The Kitchener-based company made fibre optic cables for the rover’s SuperCam that will examine samples with a camera, laser and spectrometers.

“The cables that we built take the light from that multiplexer and deliver it to each spectrograph,” Pawluczyk said.

The cables connect a device on the rover to the SuperCam, which will be used to examine rock and soil samples, to spectrometers. They’ll relay information from one device to another.

The project started four years ago with a connection to Los Alamos National Lab, where the instruments connected to the cables were developed.

“We could actually demonstrate we can design something that will meet their really hard engineering requirements,” Pawluczyk said.

The Jezero Crater is where the Perseverance rover, with FiberTech Optica’s technology onboard, landed Thursday. Scientists believe it was once flooded with water and is the best bet for finding any evidence of life. FiberTech’s cables will help that in that search.

Ioannis Haranas, an astrophysicist and professor at Wilfrid Laurier University, said the rover isn’t looking for “green men.”

“They’re looking for microbial, single-cell life, any type of fossils and stuff like that,” Haranas said. “That’s why they chose a special landing site. This could be very fertile land for that.”

“It’s very ambitious,” said Ralf Gellert, a physics professor at the University of Guelph.

Gellert helped with previous rover missions and said it’s the first time a Mars rover has landed without a piece of Guelph technology on it. While he’s not part of Perseverance’s mission, he said the possibilities are exciting.

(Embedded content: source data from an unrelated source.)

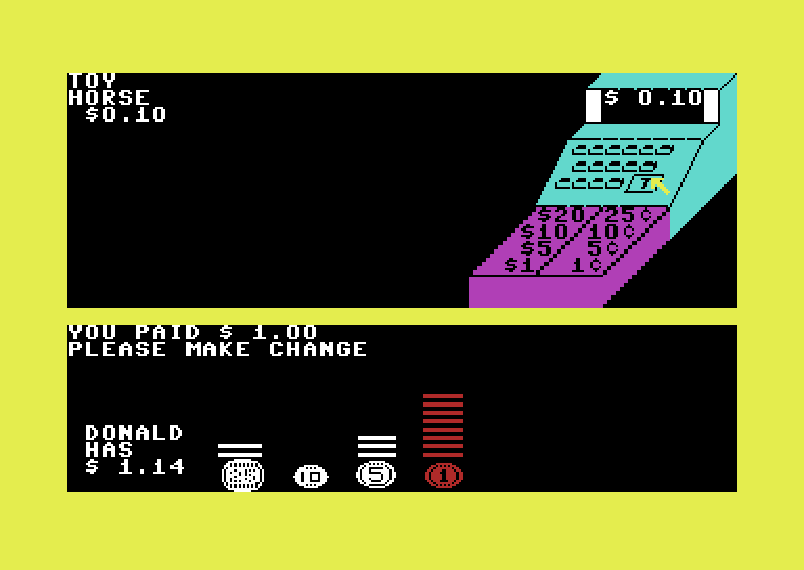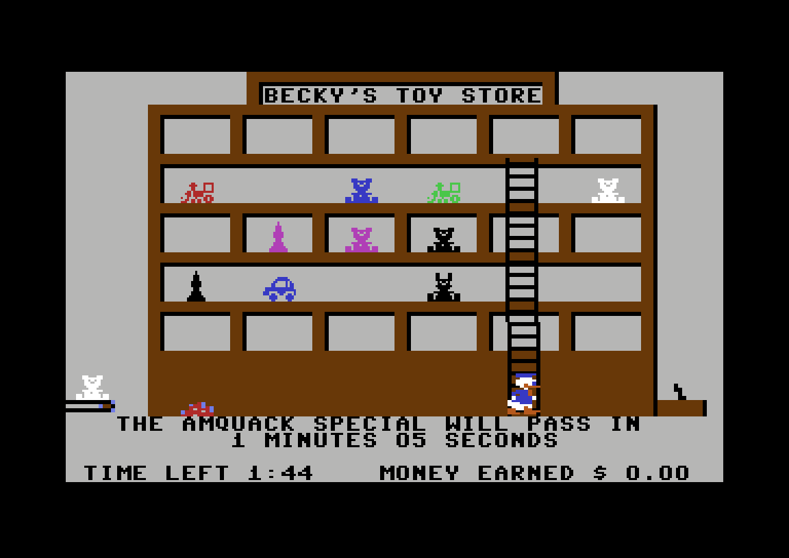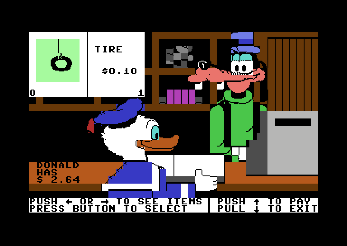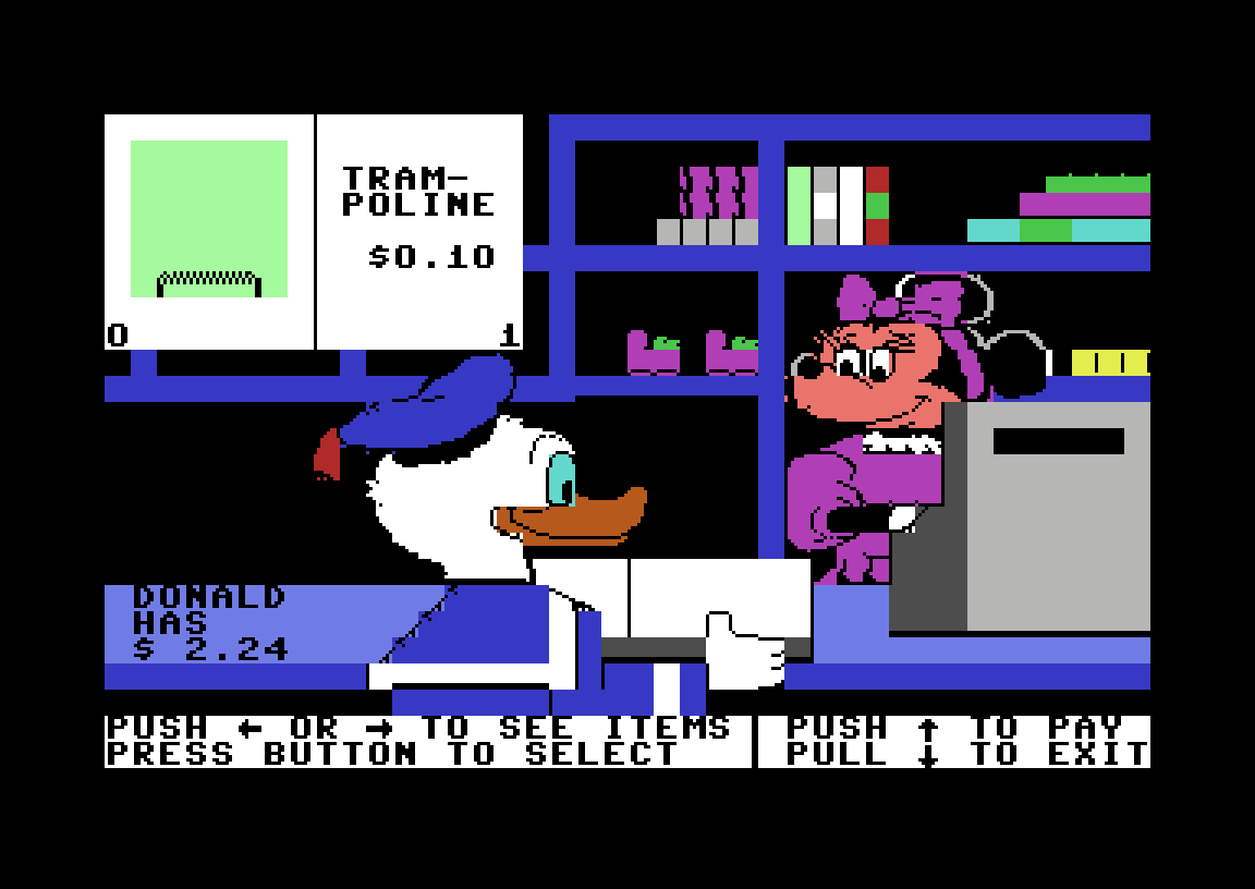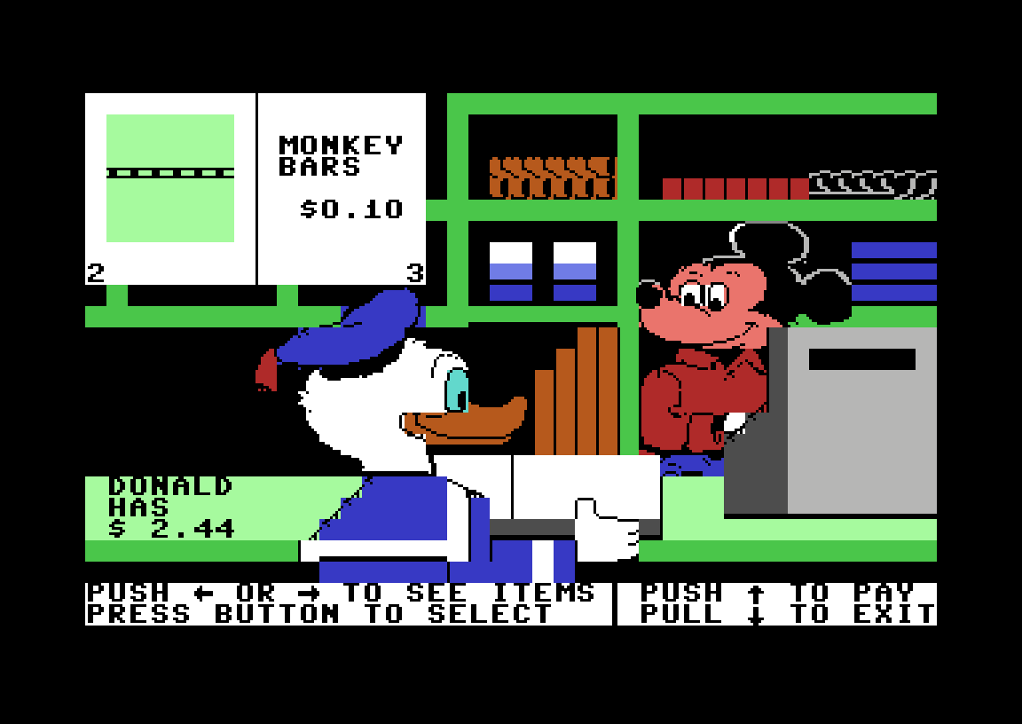 Etter å ha tjent noen penger kan Donald gå over i en av flere forskjellige butikker, der kjente fjes fra Andeby selger ulike installasjoner til lekeplassen. Disse har forskjellig pris, og spilleren må selv plukke ut hvilke mynter og sedler som skal gis i kassa (og eventuelt veksle om nødvendig).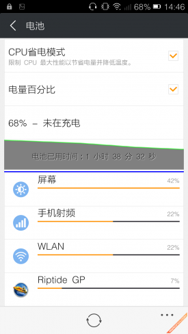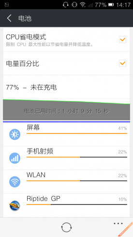 WIFI情况下,使用土豆客户端在线播放视频,测试半小时后电量由77%降至68%,共消耗9%电量。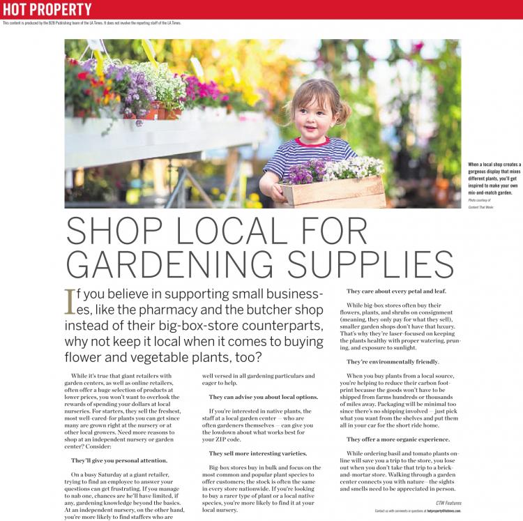 you believe in supporting small businesses, like the pharmacy and the butcher shop instead of their big-box-store counterparts, why not keep it local when it comes to buying flower and vegetable plants, too?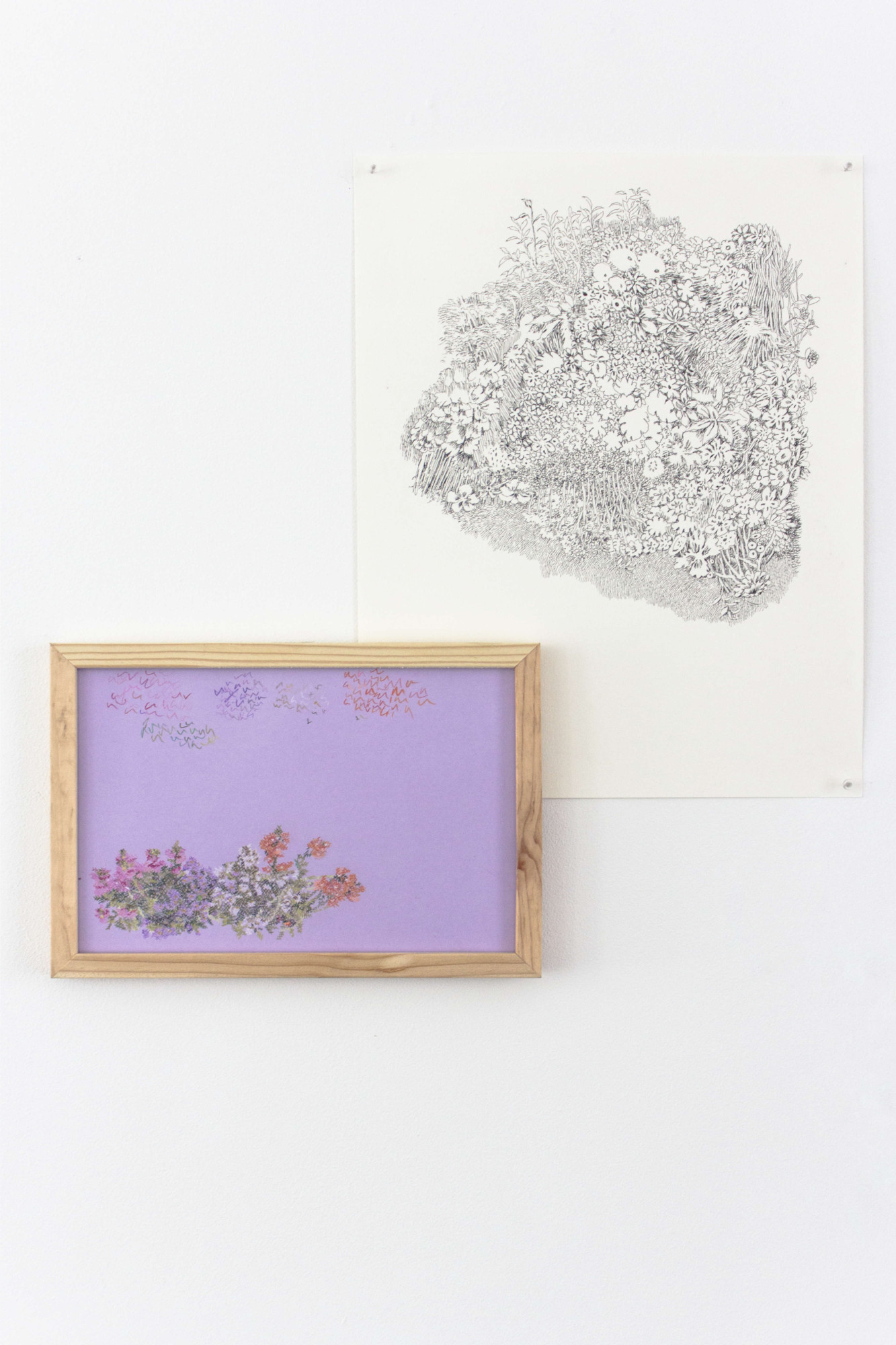 Crayon de couleur sur papier mauve, 21 x 14,8 cm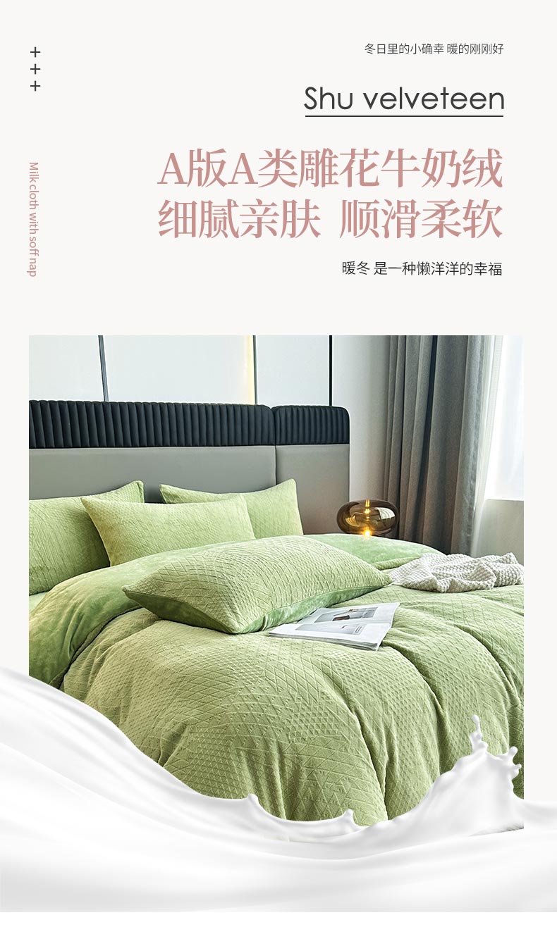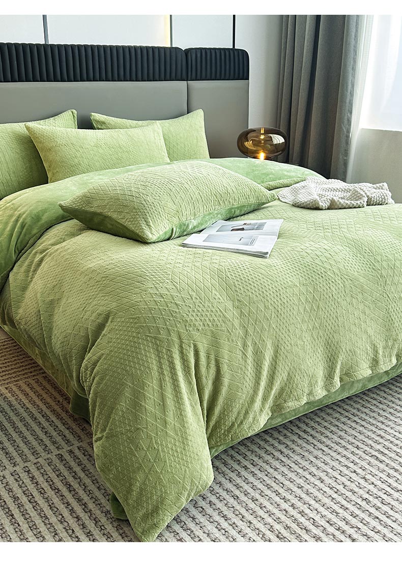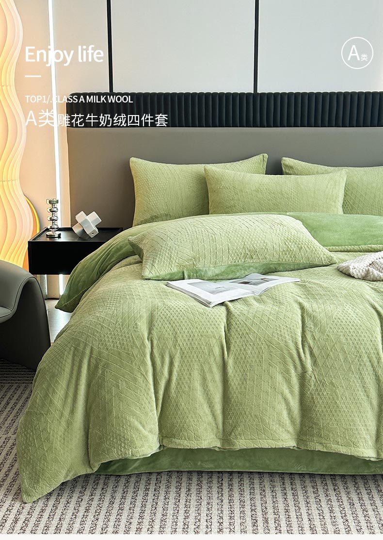 铠畅家纺 2023爆款A类230g立体雕花牛奶绒四件套 七巧板绿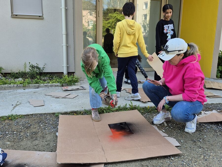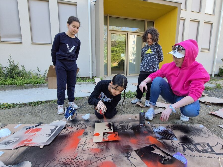 Ensuite, la MJC a trouvé un moyen ludique pour les ouvrir au street art : customiser des faux dollars à l'image du travail subtil de l'artiste "Alec Monopoly" (style de street art utilisant des pochoirs et des personnages du Monopoly). De plus, les enfants ont également parcouru la ville de Mâcon à la recherche de fresques murales, qu’ils ont repérées avant de prendre des photos devant elles.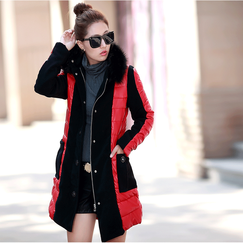 新款pu皮中長袖大碼女裝外套棉衣 拼色羽絨服女式棉服大毛領 /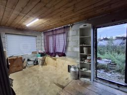 Состоит из прихожей (планировали кухню и санузел) 14 кв.м, гостиной 28 кв.м, спальни 14,2 кв.м. Отопление в доме центральное, скважина на участке 45 м, электричество 220, газ рядом с домом. Хорошая входная дверь.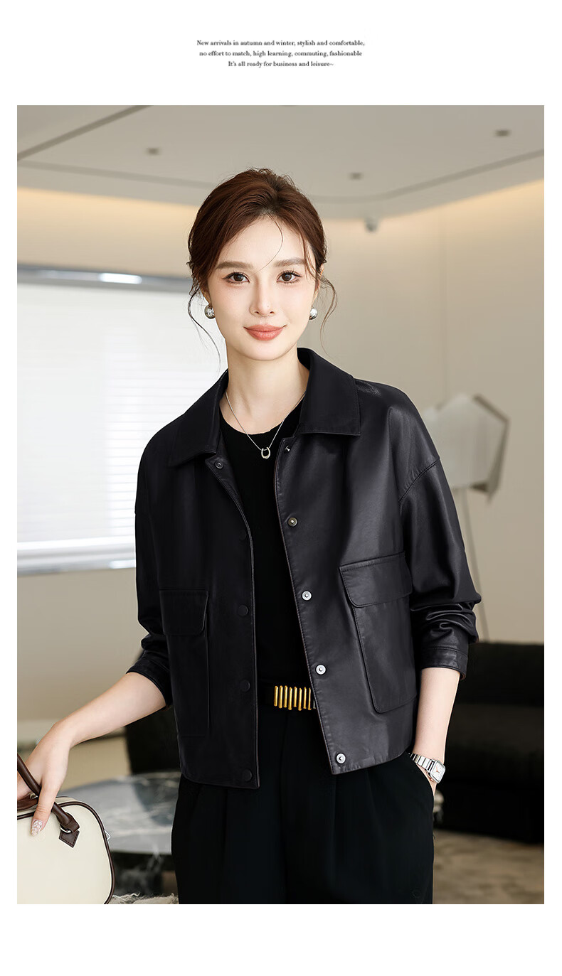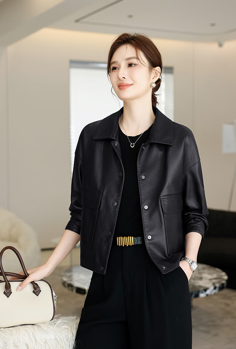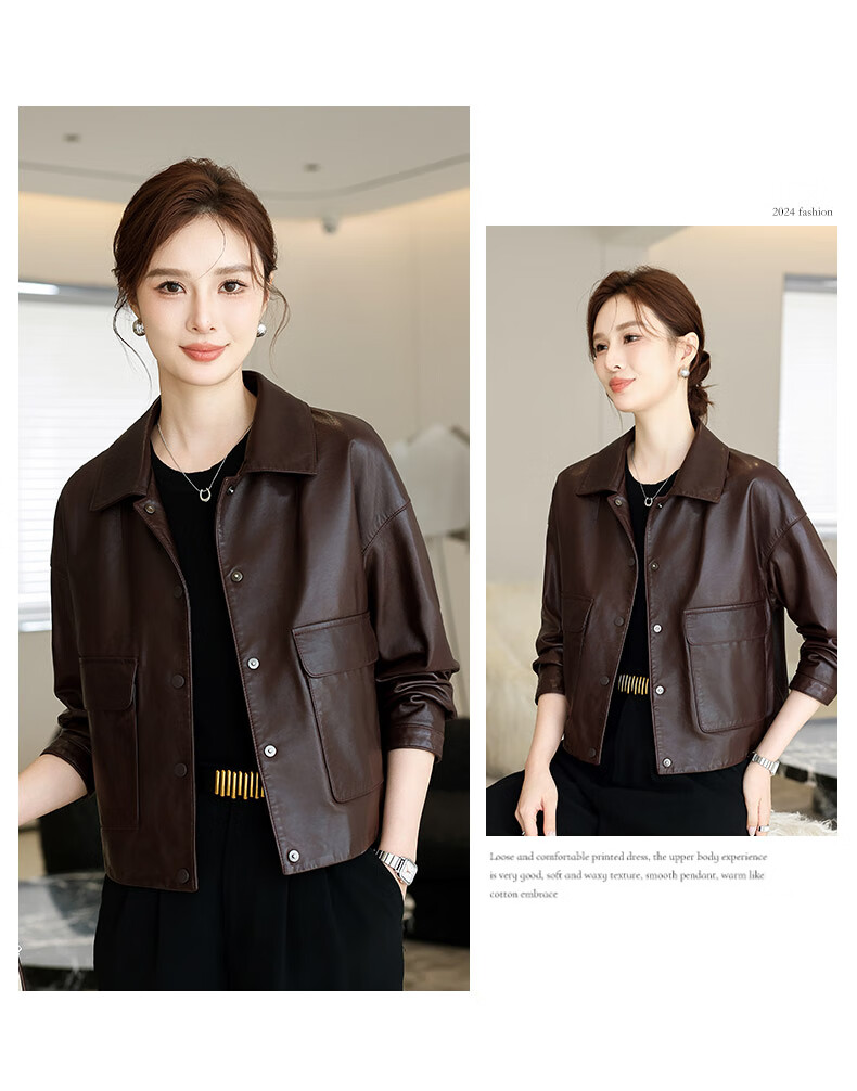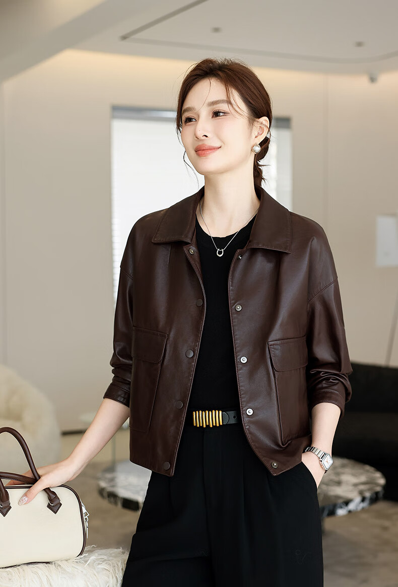 Lingfaner Haining genuine leather small leather jacket for women 2024 new spring and autumn casual first layer sheepskin jacket short style red coffee color 3XL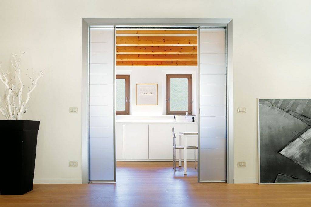 - Раздвижные дверные конструкции в двупольном исполнении устанавливаются в стандартные проёмы от 1200 до 3000 мм.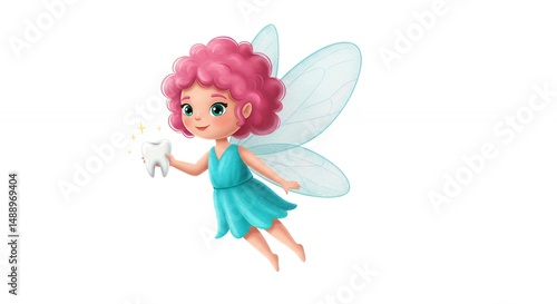 Cartoon fairy holding tooth illustration with pink hair and turquoise dress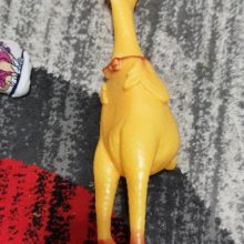 There isn't much to say. It's a yellow rubber chicken. It looks just like the picture and arrived as promised. Dog very much liked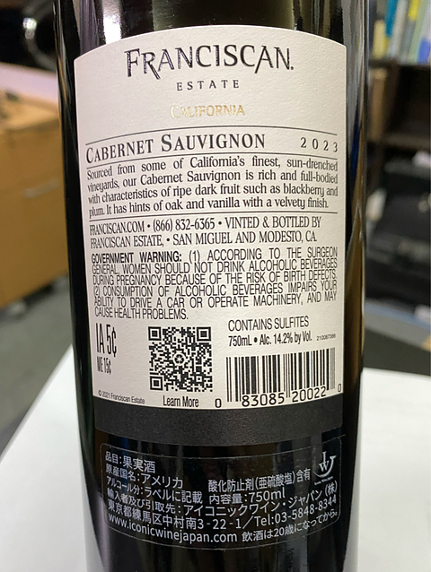 ワインFranciscan Cabernet Sauvignon California(2023)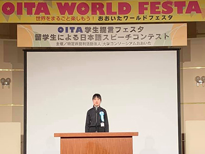 10月26日(土)、コンパルホールで開催された「OITA学生提言フェスタ~留学生による日本語スピーチコンテスト」において、本学国際総合学科の留学生・胡芷芊(こ・しせん)さんが最優秀賞を受賞しました。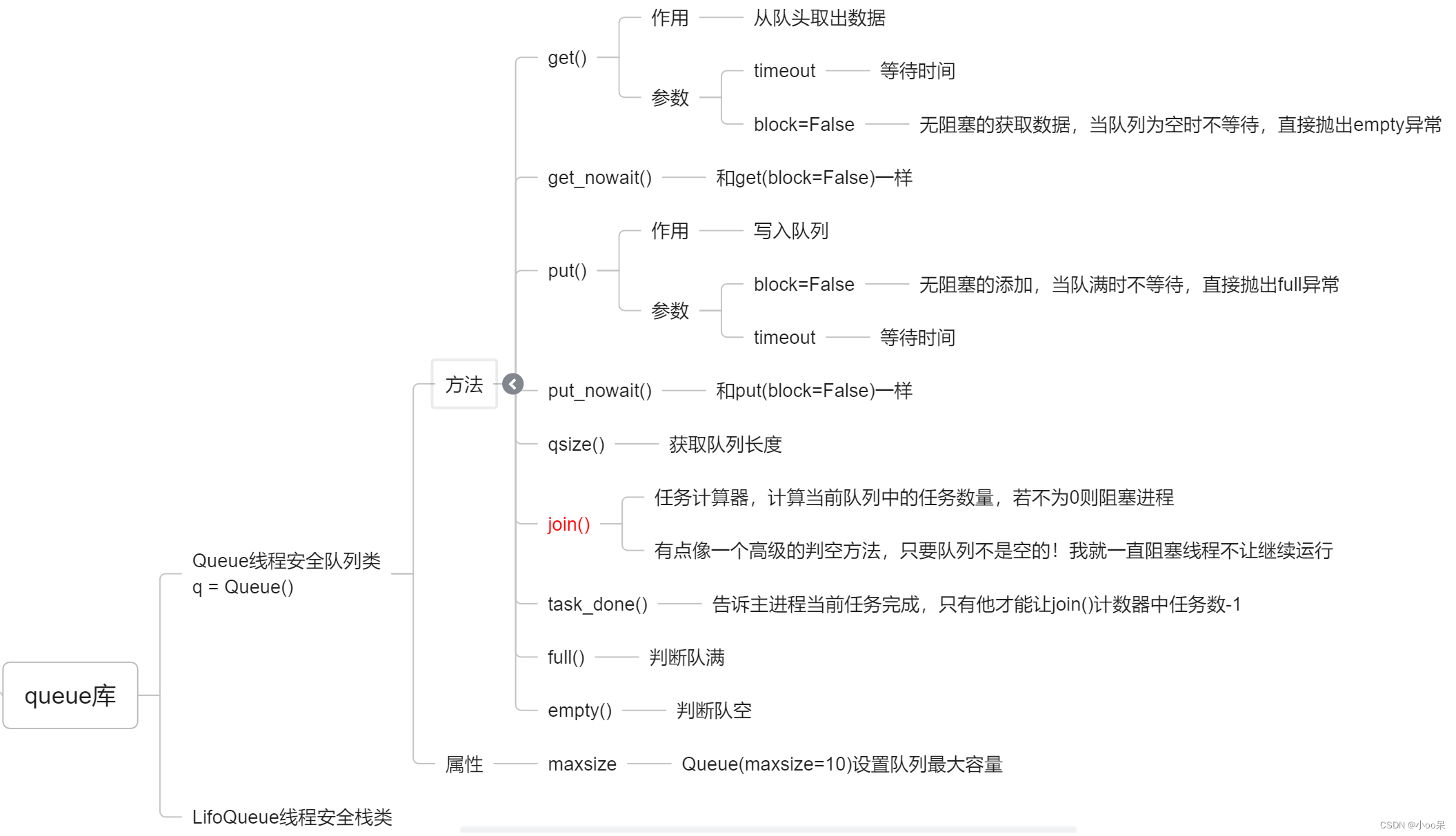 # 创建一个queue对象,可以理解为初始化一个队列,参数maxsize默认为0,表示队列大小无限制

“Every new landing site is a new piece of the puzzle that you can put together with the new results that we have from the other landing sites,” he said.

“It’s scientifically very interesting because, even though we don’t have an instrument on that rover, we can compare what the new rover Perseverance finds at this new landing site,” he said.

Now that Perseverance has landed on Mars, FiberTech is looking ahead to its next possible mission into space.